Too much sugar can cause serious health problems, like heart disease, kidney failure and blindness. High blood sugar can be harmful to your baby during the first few weeks of pregnancy when his brain, heart, kidneys and lungs begin to form. It’s really important to get treatment for diabetes to help prevent problems like these.

If you are thinking about becoming pregnant and have diabetes, here are a few tips:

  • Manage your diabetes to get your blood glucose levels in to your target range. Try to get it under control 3-6 months before you start trying to become pregnant.
  • Take a multivitamin that contains at least 400 micrograms of folic acid every day.
  • Talk to your provider about any medications you are taking to make sure that they are OK to continue taking when you do get pregnant. He or she may want to change some medications now, before you get pregnant.
  • Eat healthy foods and keep moving.
  • Get support and guidance. Talk with your provider, a diabetes educator or a dietician about how to manage your diabetes.

Not sure if you are at increased risk of developing diabetes? Read our post to find out.

Remember: If you are thinking about becoming pregnant, now is the time to talk to your doctor about getting as healthy as you can before you conceive. Take small steps now toward a healthy pregnancy and a healthy baby.

Have questions? Text or email us at AskUs@marchofdimes.org.

Epilepsy and pregnancy

Thursday, May 21st, 2015

speak to your health care providerEvery year in the US, approximately 20,000 women with a seizure disorder give birth. Most of these pregnancies are healthy. But there are a few additional concerns that women who have epilepsy must consider when thinking about getting pregnant.

What is epilepsy?

Epilepsy is a brain disorder in which a person has repeated seizures over time. Seizures are episodes of disturbed brain activity that cause changes in attention or behavior. Epilepsy is a specific type of seizure disorder.
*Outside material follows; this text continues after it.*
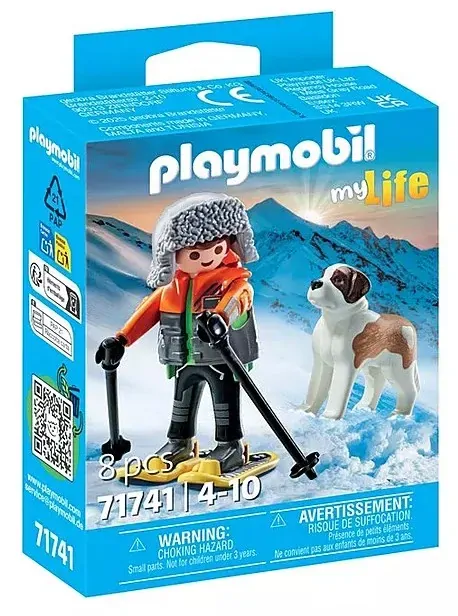 Brave the snowy wilderness with the PLAYMOBIL Hiker and his loyal Saint Bernard! Equipped with snowshoes and poles, the adventurer is ready to explore icy trails, while the Saint Bernard faithfully tags along, its head poseable for lifelike play. Kids will love customizing the hiker by removing his headgear and snowshoes for even more storytelling fun.

People with epilepsy are usually prescribed medication to help to control seizures. These are known as antiepileptic drugs (AEDs). There are a number of different types of AEDs and they are prescribed depending on age, the type of seizure, and the side effects of the medications. Some individuals with epilepsy may need more than one AED to control their seizures.
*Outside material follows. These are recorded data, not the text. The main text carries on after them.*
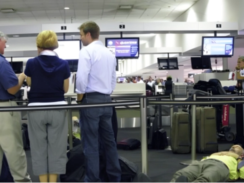 Es mag seltsam aussehen, aber es ist durchaus üblich, Menschen zu sehen, die sich auf dem Flughafenboden ausstrecken. Bei Flugausfällen und Verspätungen sind Sitzplätze oft Mangelware, sodass Improvisation gefragt ist. Dieser Fall wirkt besonders kurios, weil der schläfrige Mann mitten im Check-in-Bereich ruht, während andere normal um ihn herumstehen. Vielleicht sollte man beim nächsten Mal nach einem ruhigeren Eckchen Ausschau halten?
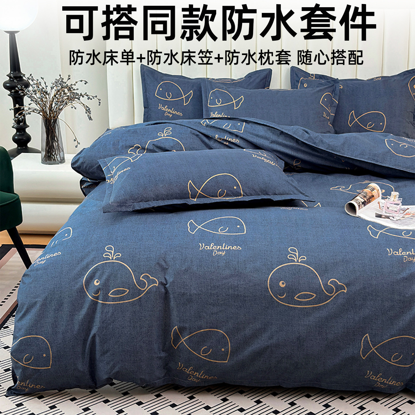 📚 150x200cm被套单件磨毛床单四件套防水隔尿透气可洗双面防脏老人
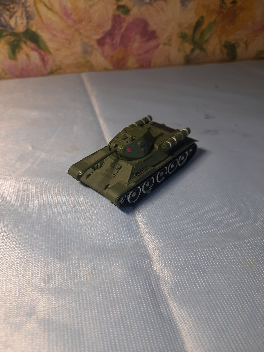 Всем здравствуйте товарищи! С вами я Макс. Поздравляю вас с праздником 9 мая! Сегодня я расскажу вам о модели танка Т 34-76. Я его собирал сам. Красиво тоже. Набор от фирмы "италлери" вроде. Танк в парадном, а не в боевом если что. Ну начнём. Спереди: Конец Пушкин окрашен в белый, а пулемет в чёрный. Сзади на башне цифра 3. Выхлопные трубы окрашены в цвет алюминий. По бокам на катках белые линии, держатели бензобаков тоже окрашены в белый. На башне звезда. Днище выше. Башня крутится на 360 градусов. Ну как вам танк? Пишите в коментах! Всех ещё раз с праздником! Пока!

Can epilepsy cause problems during pregnancy?

If you have epilepsy and are thinking about getting pregnant, there are a few important things that you need to consider.

  • Women who have epilepsy have an increased chance to have a baby with a birth defect compared to women who do not have epilepsy. This may be the result of the epilepsy or the AEDs used to control seizures. Some AEDs have been associated with an increased risk of cleft lip and palate, neural tube defects, and heart defects.
  • Pregnancy can cause a change in the number of seizures. Most women with epilepsy will have no change in the number of seizures they experience or they will have fewer seizures during pregnancy. A few women will experience more seizures.

Controlling seizures during pregnancy is very important. Having a seizure during pregnancy can cause problems for you and your baby. Seizures during pregnancy can cause:

  • Decreased oxygen to the baby and fetal heart rate deceleration during the seizure.
  • Injury to the baby as a result of any falls or trauma experienced during the seizure. This can include premature separation of the placenta from the uterus (placental abruption) or miscarriage.
  • Preterm labor
  • Premature birth

Should you continue to take anti-seizure medications during pregnancy?

Many women with epilepsy are concerned about taking their AEDs during pregnancy. But according to ACOG, “Because there are serious risks associated with having a seizure during pregnancy and because the potential risk of harm to your baby from taking AEDs is small, experts recommend that seizures be controlled with AEDs, if necessary, during pregnancy. However, the type, amount, or number of AEDs that you take may need to change.”

Will you need any special care during your pregnancy?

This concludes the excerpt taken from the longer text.